Higher than expected capital tax revenues reinforces general government net lending

31 August 2018 | News

Tax revenues have been revised up in the Swedish National Financial Management Authority’s (ESV) new forecast, as a result of a stronger than expected outcome for 2017. Forecasted public expenditure has only changed marginally. The surplus in net lending has been revised up for both 2018 and 2019.

GDP growth remains high, but as of the second half of this year, the growth rate will slow and the high resource utilisation in the economy will start to fall. Our forecast of the macro economy is largely unaltered since our June forecast.

Compared to last year, total tax revenues will increase at a considerably slower rate both this year and the next. Revenues from tax on corporate profits and households' capital income, including dividend income, have been revised up compared to our June forecast.
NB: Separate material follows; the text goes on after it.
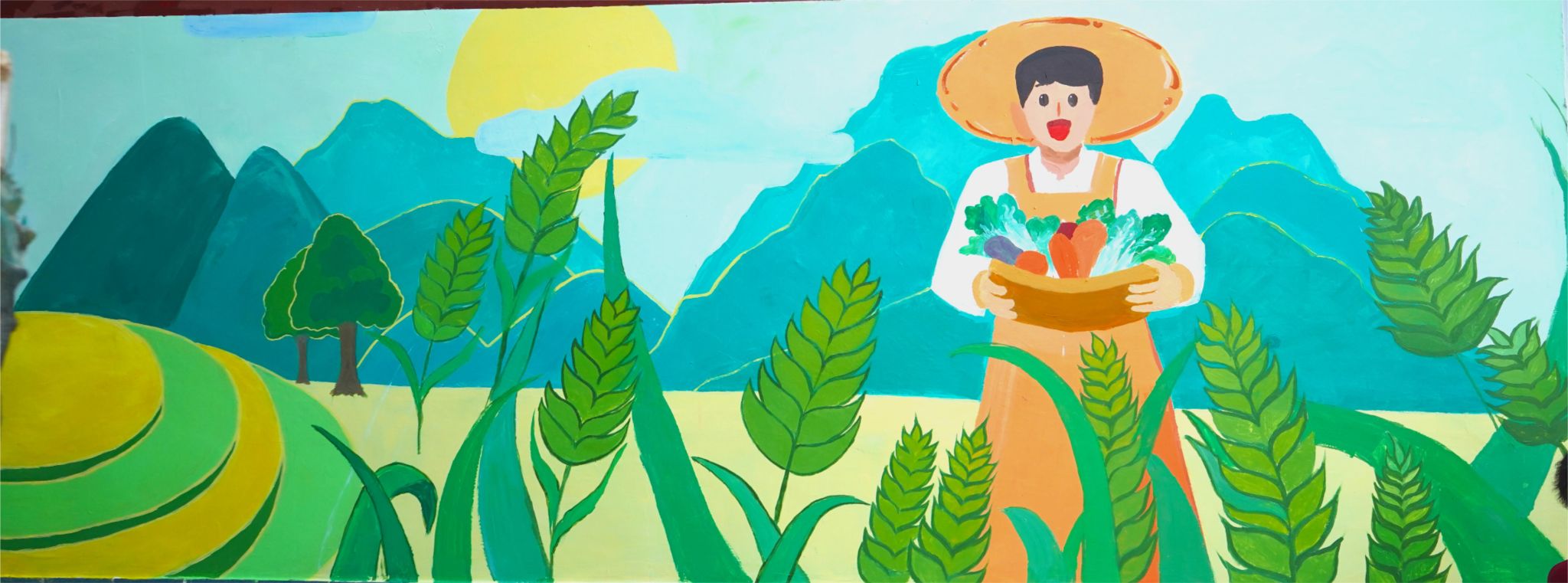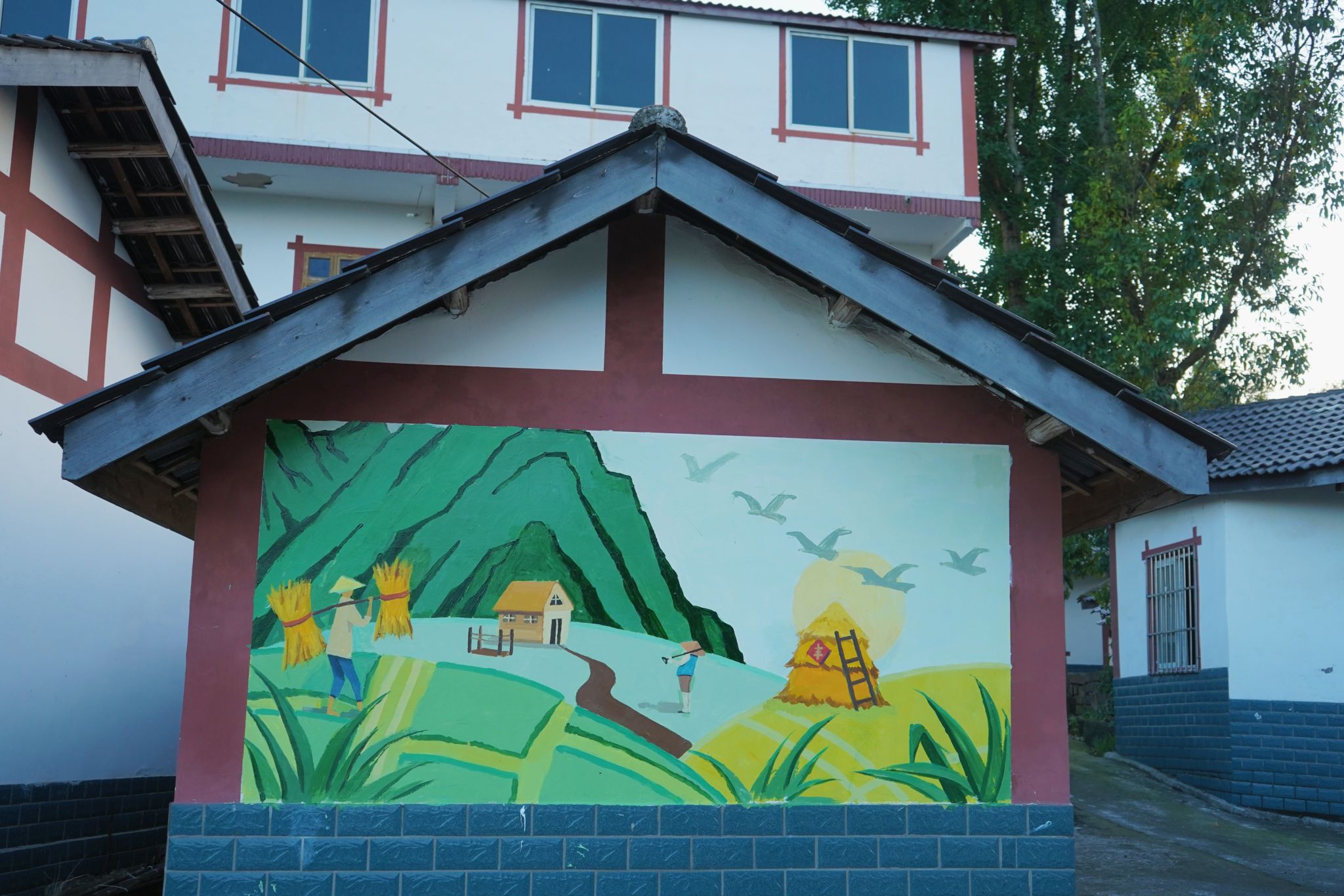 五彩斑斓的墙绘中,农民们日出而作,日落而息,绵延绿色的大山、曲折蜿蜒的小路、青葱翠绿的田野、外出农作的农民、金黄丰满的稻穗等构成了一幅充满农村生活气息的宣传多彩墙绘。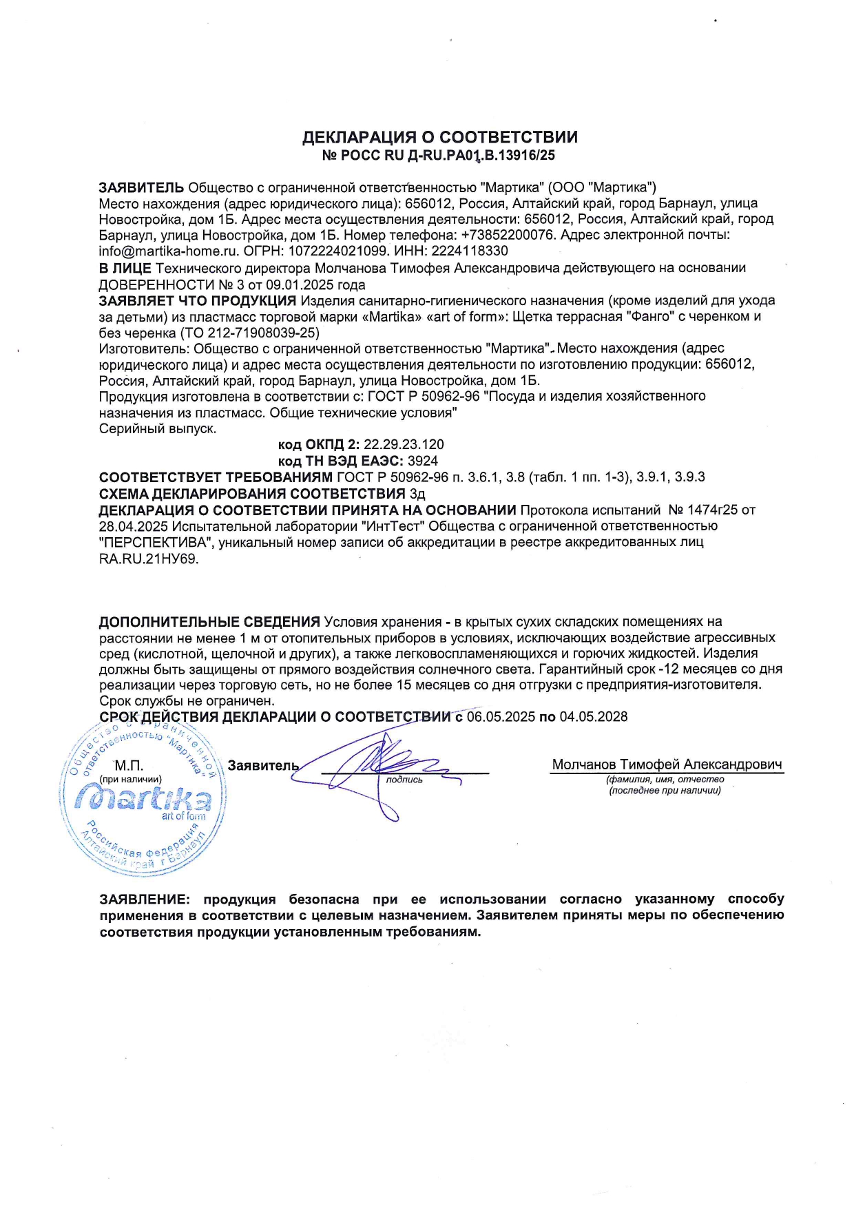POCC RU A-RU.PA01.Â.13916/25 äî 04/05/2028

This is due to a stronger than expected outcome for 2017, which raises the level for the present year and the years ahead.

Expenditure increases greatly this year, primarily as a result of measures in the latest budget bills. However, substantially lower expenditure on migration restrains the overall rise in expenditure. The margin to the spending cap is considerable. Expenditure subject to the spending cap has been lowered marginally compared to our June forecast.

General government net lending weakens from 1.3 per cent of GDP last year to 0.9 per cent of GDP this year, and continues to decrease somewhat next year. Compared to our June forecast, net lending has been revised up by 0.4 percentage points both for 2018 and 2019.

From 2019, the surplus target will be lowered to one third of a per cent of GDP. The structural budget balance is the indicator which shall be used to ex ante monitor net lending against the new surplus target level. According to our forecast, the structural budget balance will be 0.5 per cent of GDP in 2019, and thus somewhat higher than the target level.